繊細で綺麗な音を放つスタイリッシュなシンセサウンド「FM音源」を使って曲作りをしております♪


テーマ:
セ~ガ~♪(笑)

メガドライブぬいぐるみ2014年11月23日の記事で、「メガドライブぬいぐるみ」が届いたことを紹介しました。

記事を作る時に、押入れに眠っていたメガドライブを出してきまして、写真を撮りました。

記事を公開した後に、久しぶりにメガドライブを通電させてみました。

ちゃんと起動するか?スイッチを入れるまで不安でしたけど・・・

よかった!ちゃんと起動しました(^^)


ここで、私のメガドライブについて、少し紹介したいと思います。

SEGA MEGA DRIVE

実はメガドライブには、基板の種類によって、バージョンが存在しております。

バージョンは、初回発売されたものを、「バージョンVA0と」したならば、何と!「バージョンVA7」まであります。

私達の知らないところで、密かに基板の改良が行われていたのですね。

私のメガドライブのバージョンは、「バージョンVA6」と、後期型です。

ちなみに「バージョンVA5」と「バージョンVA6」というのが、メガドライブの中では、一番高音質なモデルと言われておりまして、音質の改善が施されているバージョンです。

SEGA MEGA DRIVE バージョンVA6基板


「バージョンVA6」の見分け方は、基板に付いているIC4の型番が「SEGA 313-5433」と書かれていたら、VA6基板となります。

SEGA MEGA DRIVE 313-5433:VA6

私も最近になって、ネットで調べて知ったことなので、運良く「高音質モデル」を持っていたという事なんですね。

でも実際に音声を聞いてみると、バージョンVA6とはいえ、ノイズは出てますよ。

他のバージョンよりは比較的良いという程度なのかな?

まあ、いいけどね(笑)


このように、メガドライブは、内蔵されている音源チップを駆使して、音を鳴らしておりました。
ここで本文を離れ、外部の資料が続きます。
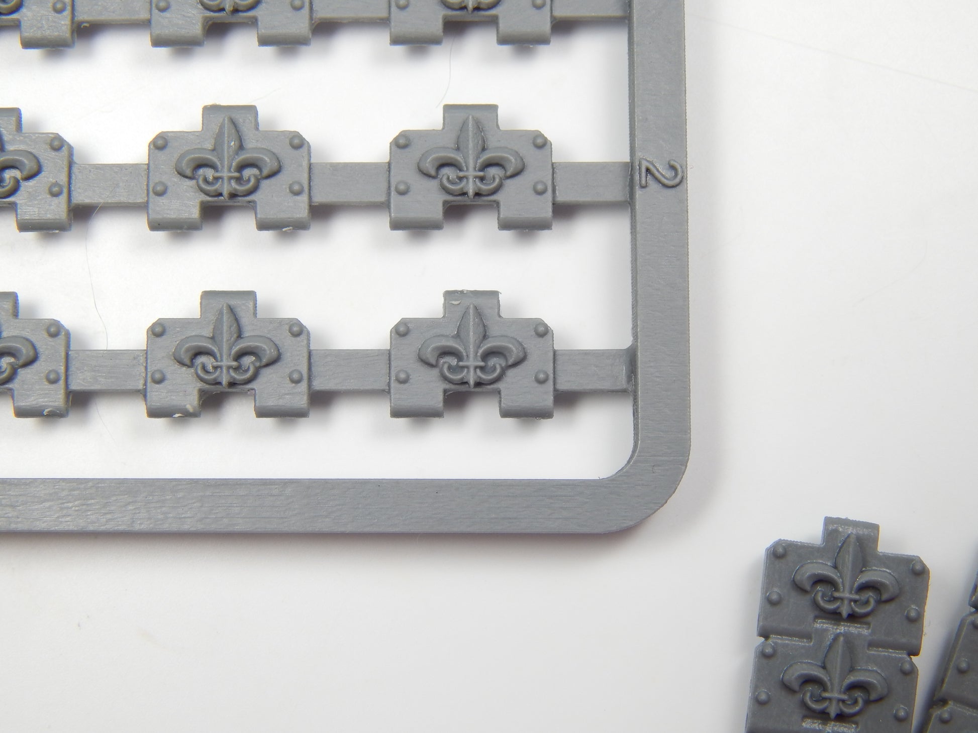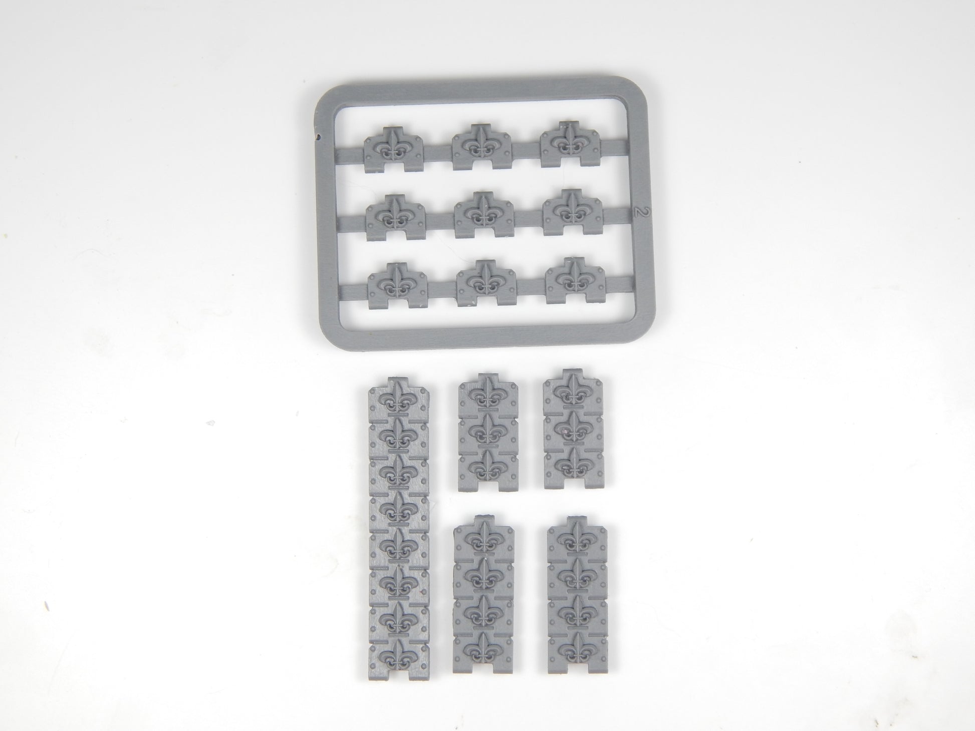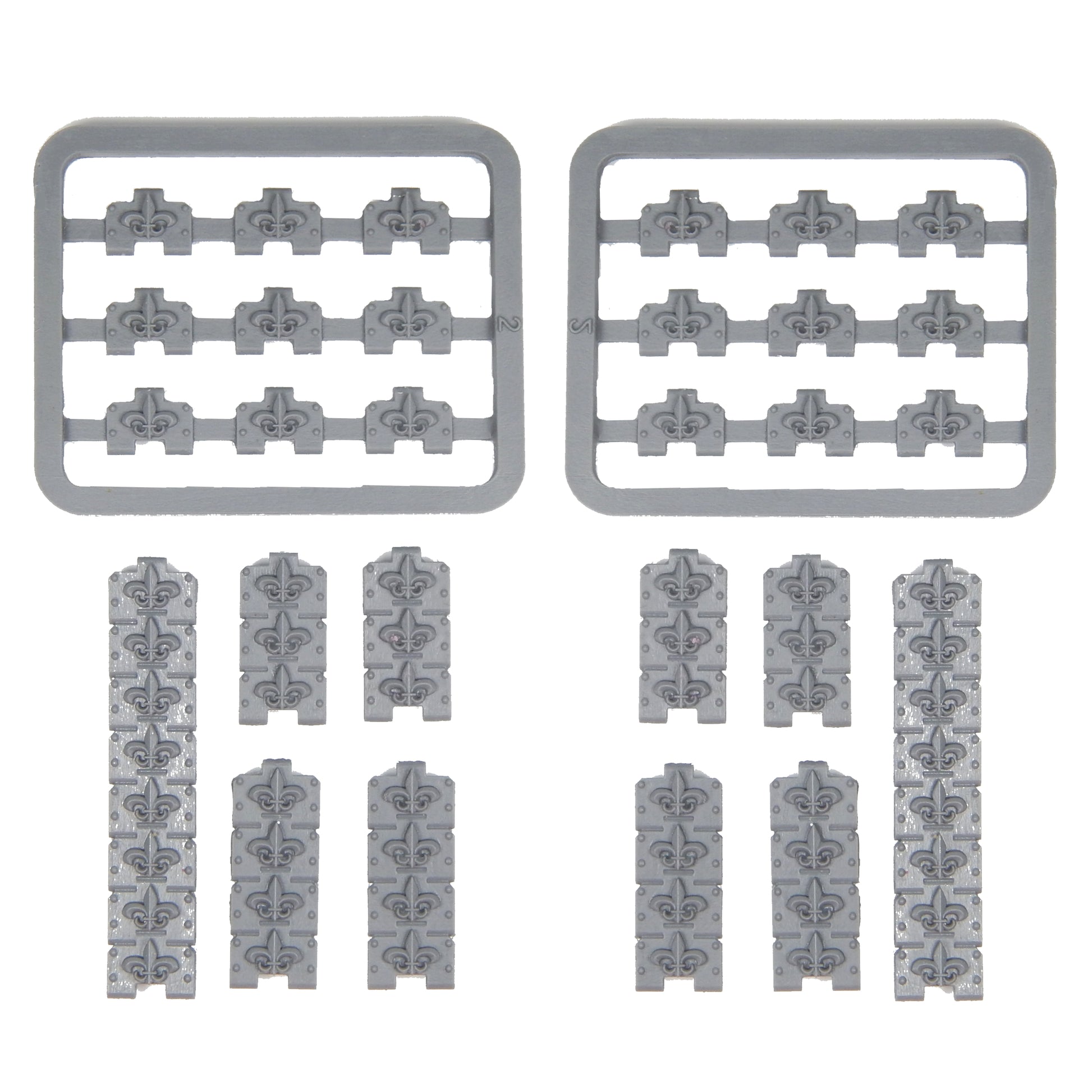 The Fleur De Lis Pattern 040 Tank Treads is a set of replacement treads for Games workshop MKII Rhino plastic kit. The kit consists of four 3-link sections, four 4-link sections, two 8-link sections, and 18 individual treads.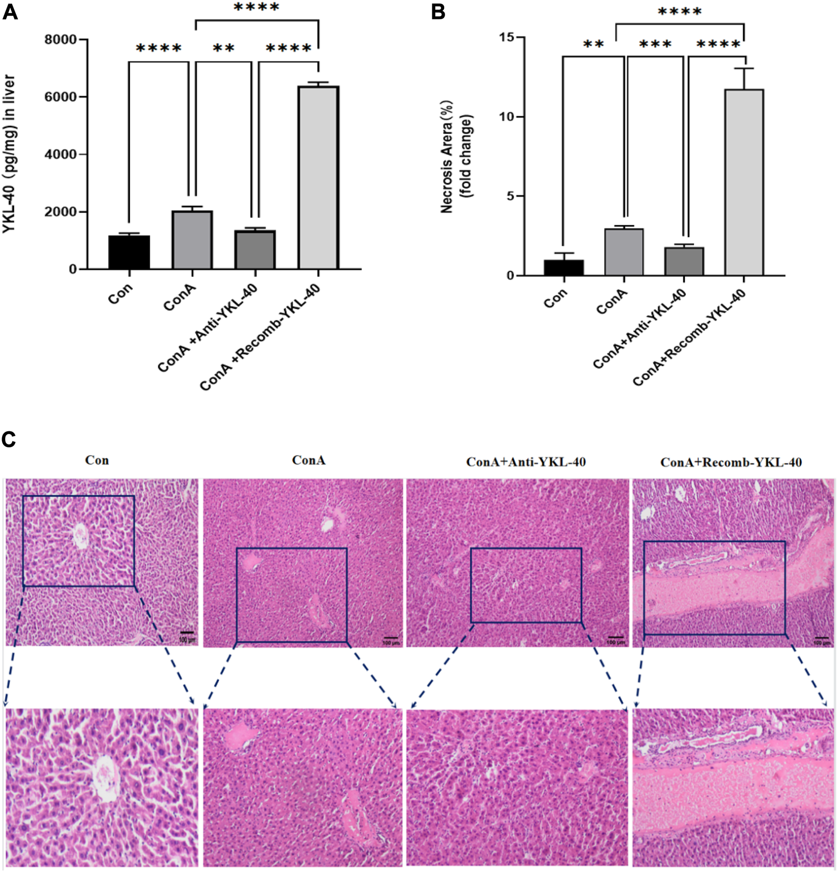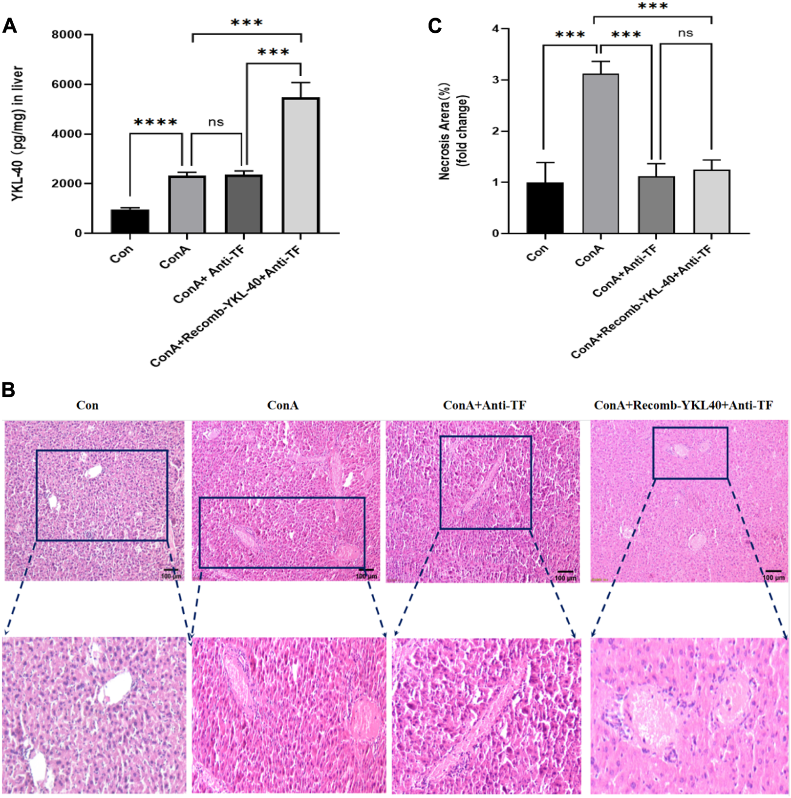 YKL-40 exacerbates the progression of liver injury.(A) The expression of YKL40 in liver tissue; (B) Hematoxylin and Eosin staining (magnification×100) showing YKL-40-mediated induction of TF-PAR1 pathway and aggravation of drug-induced liver injury. (C) Necrotic areas as quantified by ImageJ software. Data are expressed as mean ± SEM (n = 6). *p < 0.05, **p < 0.01, ***p < 0.001, ****p < 0.0001, ns means no statistical difference.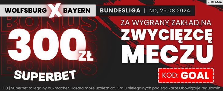 300 zł bonusu od Superbet za wygraną Wolfsburga lub Bayernu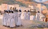 «Первым делом евреи под предводительством Иисуса атакуют Иерихон. В течение семи дней их войска маршируют вокруг городских стен, возглавляемые жрецами, несущими ковчег завета. На седьмой день войско обошло город семь раз, сопровождаемое играющими на трубах священниками. В определённый момент Иисус приказывает всему народу одновременно крикнуть, и тотчас стены города падают сами собой».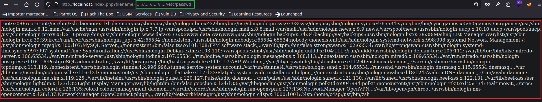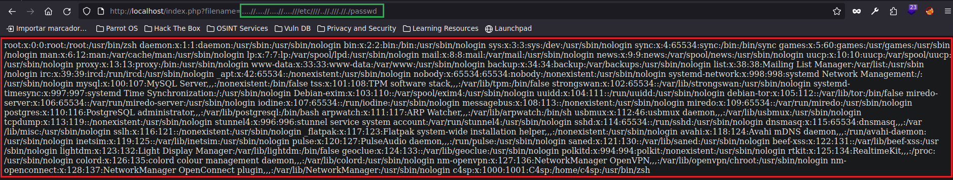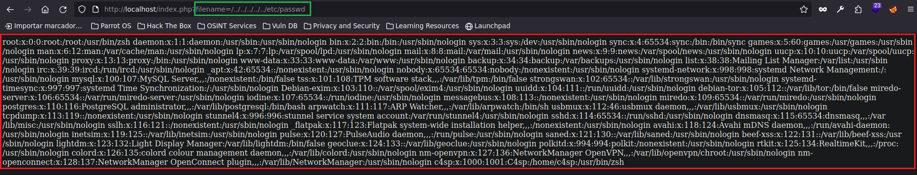 Ahora para vulnerar esta sanitización podríamos hacerlo utilizando en la URL la siguiente cadena de caracteres /../../../../../ quedando tal que así http://localhost/index.php?filename=/../../../../ esto lo que está haciendo por detrás es retroceder de directorios, yendo en dirección a la raíz, por lo tanto luego de esos /../ podríamos listar un archivo especifico de la máquina en una ruta que queramos. Por ejemplo el archivo /etc/passwd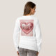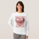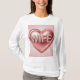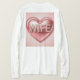Esta camiseta tiene forma metálica de corazón rosado. La palabra "WIFE" se centra en ella con pequeñas flores rosadas de bonito en cada letra. El fondo es un gradiente metálico rosado que refleja un resplandor suave. La camiseta es una camiseta básica blanca de manga larga. La camiseta está hecha con 100% de algodón.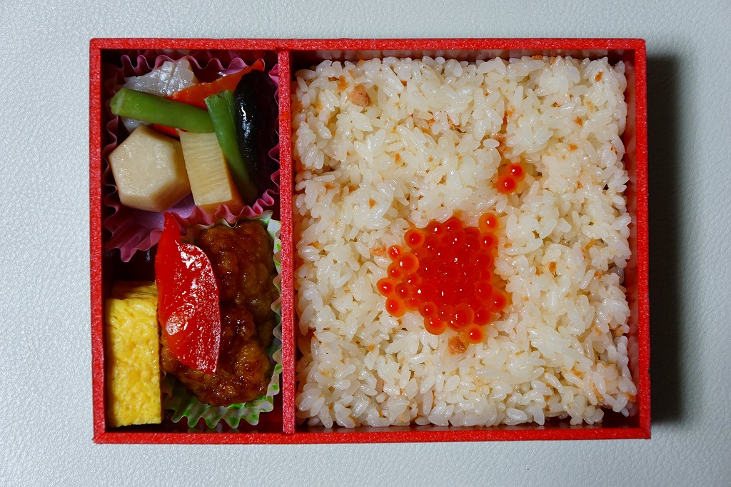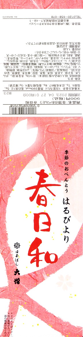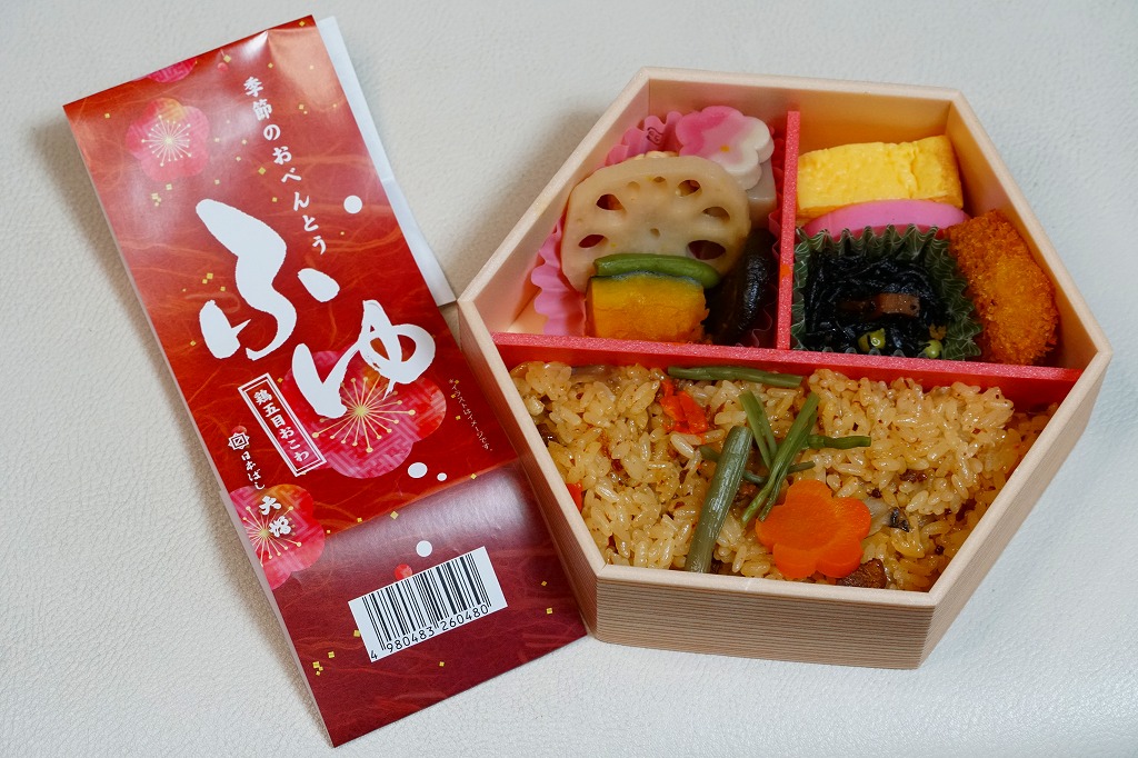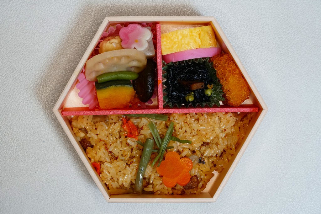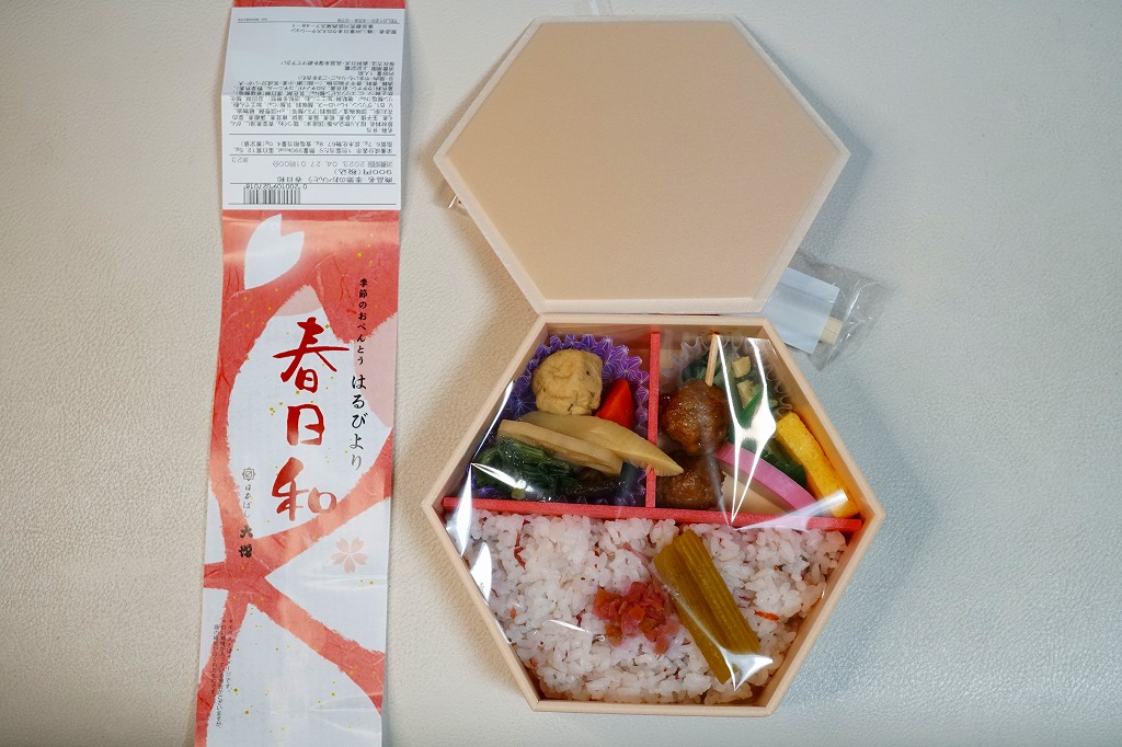 2021(令和3)年の春に初めて販売か。その年には併売した、20年以上続いた季節の駅弁「たけのこおこわ弁当」に代わり、3月から5月まで東京で売られる、駅やデパ地下のお弁当。正六角形の容器を3つに仕切り、半分におこわでない桜入り炊込み飯を、残りの半分にタケノコやニンジンやがんもなどの煮物を、残りに蒲鉾と玉子焼と鶏つくねと菜の花お浸しを詰める。分量と構成と品質が確保された、東京では貴重な、1,000円でお釣りが来る駅弁。調製元は2023年4月から「日本ばし大増」ブランドのJR東日本クロスステーション。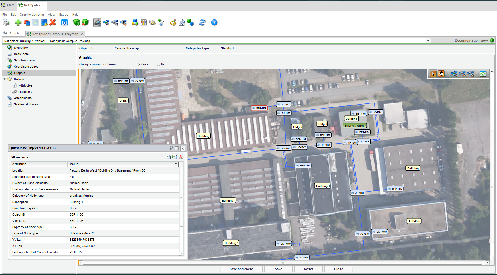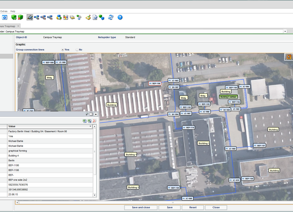 The netspider included in Command enables Command objects to be displayed graphically in the form of a netspider. The connected cables and subsequent objects can be determined for these objects and loaded manually or automatically into the graphic. Freely configurable labels can be used to display information, such as the type, location, and ID, for both objects and connections.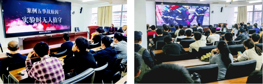 培训伊始,全体参会师生共同观看了由我校实验室与设备管理处精心制作的安全警示教育片。该片由YABO鸭脖自主拍摄,内容紧密结合高校实验室的真实环境与潜在风险,通过一系列典型案例,直观深刻地剖析了实验室中易发的火灾、触电、化学品泄漏等事故的成因与后果,为在场师生敲响了安全警钟,让大家深刻认识到“安全无小事,责任大于天”。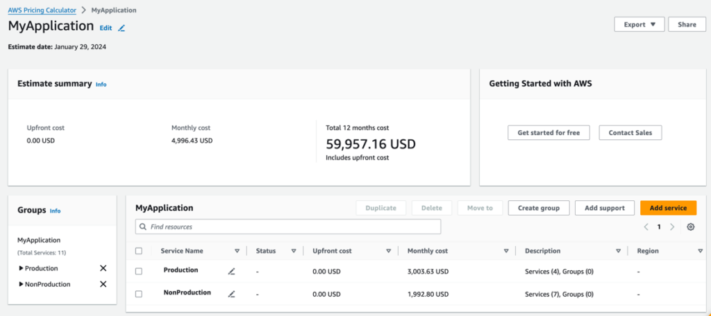 Ve většině případů je budget tvořený na rok, ale vychází z předpokládané měsíční útraty. Vzniká při návrhu aplikace, ať už s využitím AWS Pricing Calculator nebo Azure Pricing Calculator.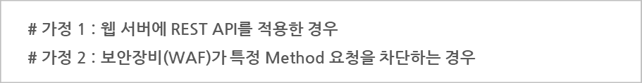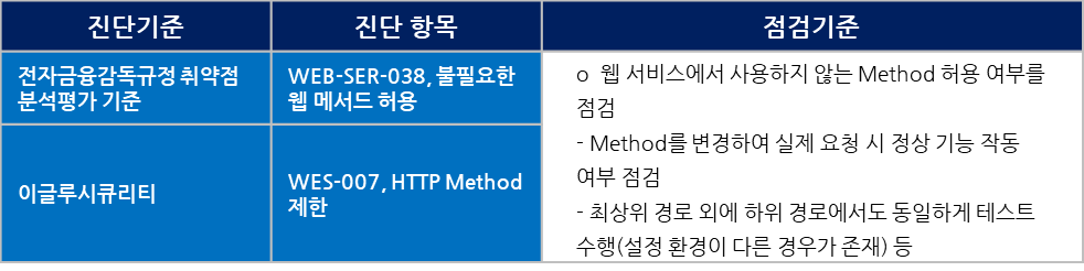 ‘전자금융감독규정 취약점 분석•평가 기준(제2020-1호)’의 ‘웹/모바일/HTS 애플리케이션’ 진단 항목 에서는 HTTP Method으로 발생할 수 있는 보안위협에 대응하기 위해서 ‘WEB-SER-038, 불필요한 웹 메서드 허용’의 점검을 권고하고 있다. 해당 항목을 조치하기 위해서는 일반적으로 WEB/WAS에서 조치가 가능하기 때문에 당사에서는 WEB/WAS 진단 시에 해당 항목에 대한 진단기준을 별도로 두고 점검을 수행하고 있다.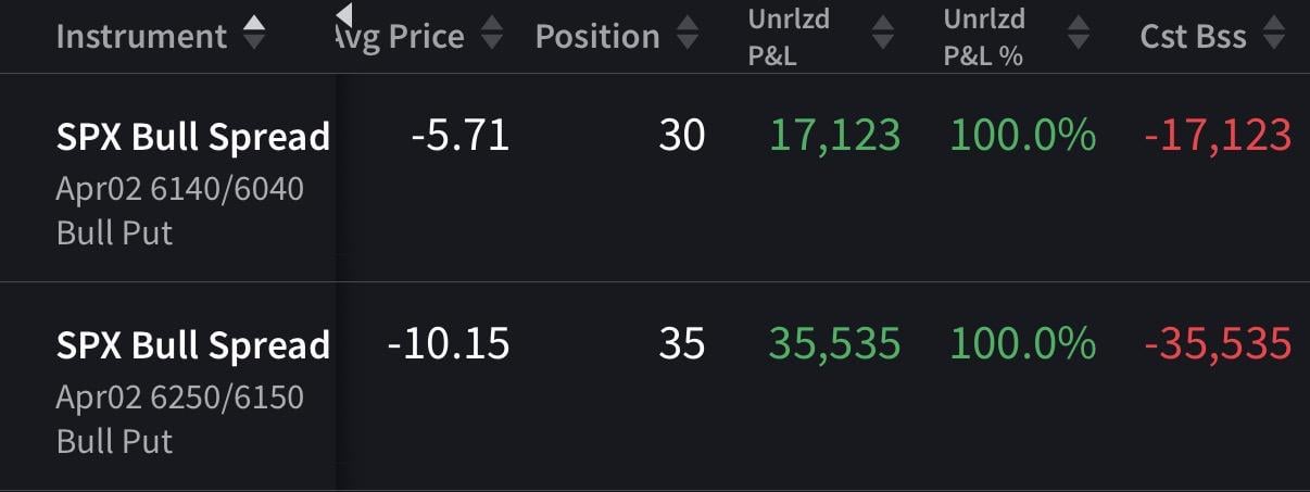 • 6250p / 6150p PCS due Apr 2 @ 10.15 net credit for 35 contracts = $35,535 profit

現代のゲーム機は、CPU(中央演算処理装置)の性能向上によって、音源チップが不用となり、ゲームのBGMや効果音は、録音されたデータをストリーム再生することで鳴らす「サンプラー」のようなスタイルに様変わりしてしまいました。

操作の面でも、今では、人の動きを感知して操作できるところまで、進歩しております。

そして、ネットワーク機能によって、現代のゲーム機は、「仮想世界で様々な人とコミュニケーションするツール」になっているのでは?と思います。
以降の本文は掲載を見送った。